На следующий день, а это был выходной, новый жилец устроил новоселье, угостил всех мужиков коммунального кагала. Скоро все знали, что во время войны старшина был дивизионным разведчиком, награжден двумя орденами «Славы» и медалью «За отвагу», имеет два ранения и контузию. В шумном мужском застолье муровец был прост и откровенен. Приезд его совпал, как это ни странно, с отъездом Тульчина, «человека с аккордеоном». Он давно хотел перебраться на родину, в Сибирь, и, наконец, решился. Провожали его всей коммуналкой.

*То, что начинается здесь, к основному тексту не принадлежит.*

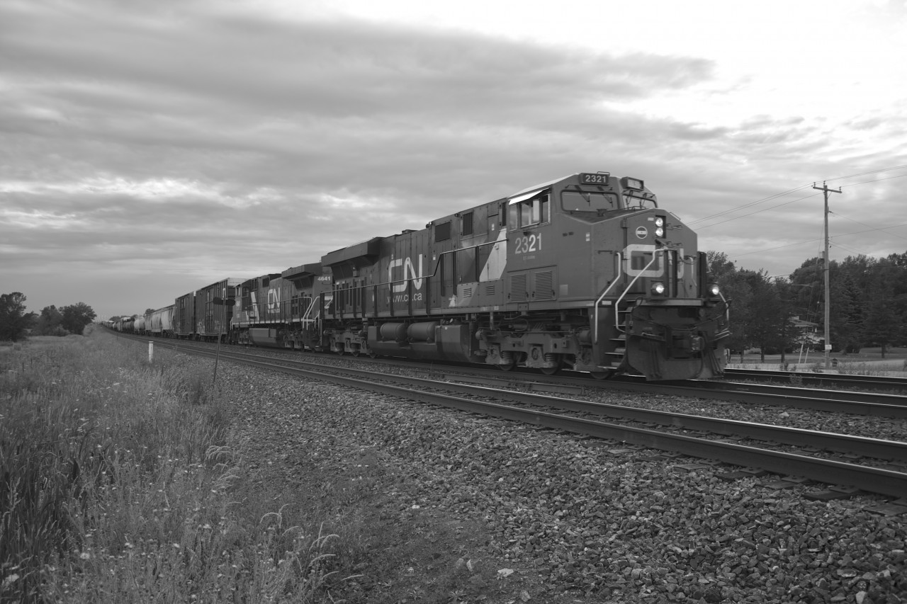 CN 2321 with CN 4641 makes a slow climb from the Belleville Yard and heads eastbound on the newly triple tracked Belleville to Kingston Subdivision. This shot taken from Airport Pkwy and Mitchell Crossroad crossing, looks back nearly a mile.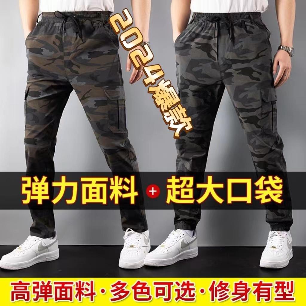 Pantalones cargo superelásticos de camuflaje con múltiples bolsillos, resistentes al desgaste, de bolsillo grande, para exteriores, ocio, deportes, trabajo, holgados, de cintura alta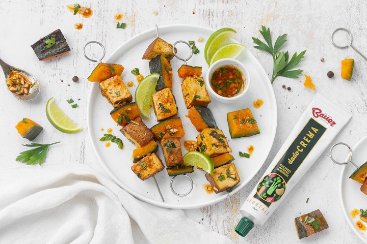 La marinatura richiama i sapori orientali, con il tocco di piccantezza della paprika che ravviva il piatto. E per dare un ulteriore boost di sapore, entra in scena anche DADOCREMA Bauer gusto Vegetale!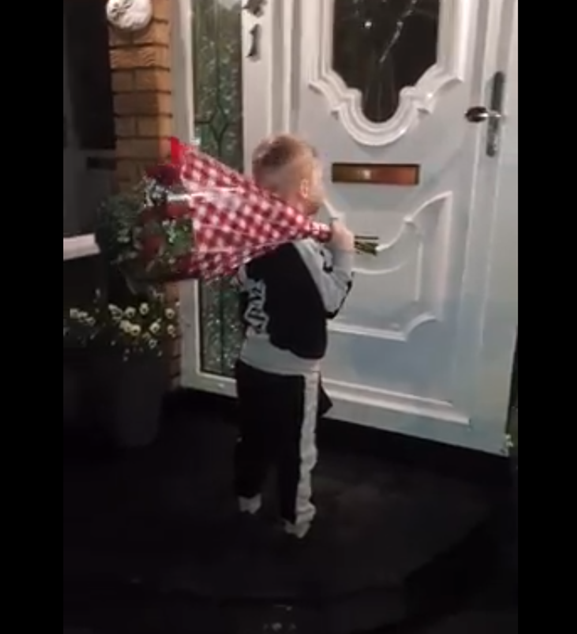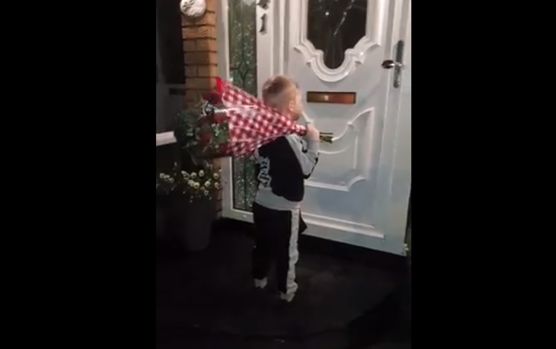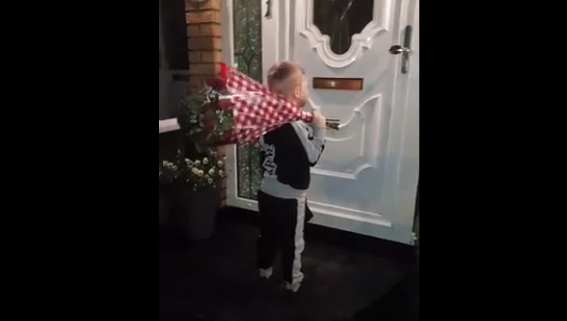 يظهر مقطع الفيديو توجه الطفل إلى منزل حبيبته حاملا باقة ورد وظرفا لونه أحمر، بينما تصوره والدته وسط استقبال حافل من أسرة الفتاة، التي أسرعت لاحتضان حبيبها تقديرا لهديته.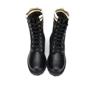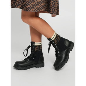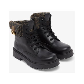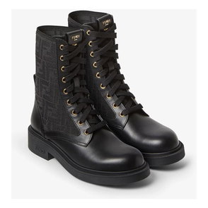 Black Leather FF Pattern Boots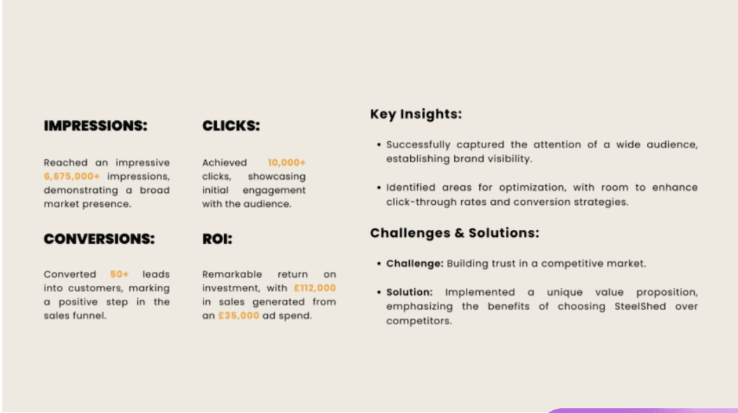 For Steelshed, a UK-based client specializing in high-quality bike sheds, I crafted a campaign designed to maximize lead generation and secure advanced bookings in a competitive market. Despite the brand’s relative obscurity compared to well-established competitors, I leveraged their unique offerings to position Steelshed as the preferable choice.

– Побереги ее, Софка, как сможешь, – сказал он на прощание Галкиной матери. – Но лучше всего – не мешай. Она сама разберется с жизнью. Что написано ей на роду, того нельзя изменить. Я про нее все знаю.
Тульчин посмотрел на Галю с прищуром, потом улыбнулся, как умел только он, и подмигнул.
– Придет время, и ты будешь жить, как королева, девочка, – он не спеша повернулся и вышел из комнаты, в которой всегда был желанным гостем. Галя расплакалась на прощанье. Она росла без отца, а этот дядька виделся ей иногда и отцом, и дедом одновременно.
Однако старшина, напоминавший ей персонажей Джека Лондона, быстро заставил Галю утешиться. С ним в квартиру ворвался ветер перемен. Через несколько дней двое молодых людей, возможно, сослуживцы Ярослава, привезли старинный письменный стол с множеством ящиков, книжный шкаф, несколько полок – тоже под книги, и кожаное кресло, в котором хозяин по вечерам, уютно утроившись, читал.
Очень скоро полки заполнились книгами и журналами. Были здесь томики стихов Пушкина, Лермонтова, Маяковского, «Война и мир», «Как закалялась сталь», произведения Драйзера, Джека Лондона, Александра Дюма, Александра Беляева и Конан Дойля. Книги были ветхими, иногда с вырванными листами. Похоже, некоторые побывали на свалке. Ярослав приводил их в порядок, подклеивал и приделывал новые обложки. Любители чтения приходили к нему и брали книги на некоторое время. Однажды у Ярослава появилась и Галя. Ей очень нравились рассказы Джека Лондона. Постепенно она перечитала все, что было у Ярослава. Иногда он начинал разговор о прочитанном. Особенно ей понравились рассказы «Майкл, брат Джерри» и «Джерри – островитянин». Часто разговор незаметно переходил на насущные проблемы. Ярослав, в отличие от матери, никогда не корил Галю за то, что она нигде не учится и не работает. Правда, иногда спрашивал ее, кем она хотела бы стать, что бы она хотела уметь делать. У Гали пока не было ответа на эти вопросы. Но Ярослав и не настаивал. Однажды он принес целый чемодан юридической литературы. Ярослав поступил на заочное отделение юридического факультета МГУ. Фронтовики пользовались льготами при поступлении.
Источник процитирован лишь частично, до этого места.